A constructivist teaching/learning concept assumes that learning is based not on the transmission of knowledge by an external agent but instead on processes of organization occurring inside the brain. These processes are seen as the active production of reality by means of construction and interpretation. Reality is a process – one which all individuals, through their actions or interpretational activity, subject to dynamic change. From this viewpoint, the results of a learning process can be directed from the outside only to a limited degree. The implication for teachers is that their role is not so much that of guide and instructor as that of moderator and shaper of a learning environment which is as enabling as possible. Learning, in this view, is always embedded in a specific situation and is greatly influenced by what learners bring with them to a situation.

The social-constructivist theory is an extension of the constructivist concept. Social-constructivist approaches emphasize that people’s constructing and interpretative activities are never restricted to a single individual in a closed system per se since the production of reality is always embedded in a matrix of social relationships. Therefore a social-constructivist teaching/learning approach pays particular attention to the ways in which power relationships and standards influence the learning processes of individuals.

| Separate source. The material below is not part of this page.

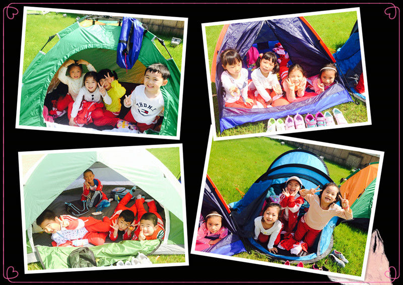 哇!志愿者爸爸妈妈们早早的就为我们扎好帐篷啦!真凉快,春天的风吹在身上暖暖的!
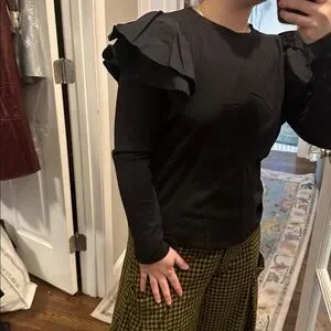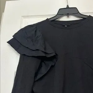 Super comfy with fun shoulder flutter. 100% cotton. Perfect condition

In the social-constructivist view, the example of the introductory lecture at the Honegger event discussed in the preceding texts could be seen as involving learning processes apart from the intended instructive transfer of knowledge via the lecture. For instance, from their interactions with one another, audience members are learning how to behave in a concert hall or during a lecture (suppressing coughs, sitting still...). Or they are “practicing” ways to express socially acceptable appreciation or criticism in the given context (audience interested in concerts and films, concert hall). Or they may be learning methods of social punishment, ostracism, if a member of the group fails to live up to social expectations, if, for instance, someone grumbles loudly about the lecturer or starts dancing on the buffet table, enthusiastically singing the melodies from the pieces just performed.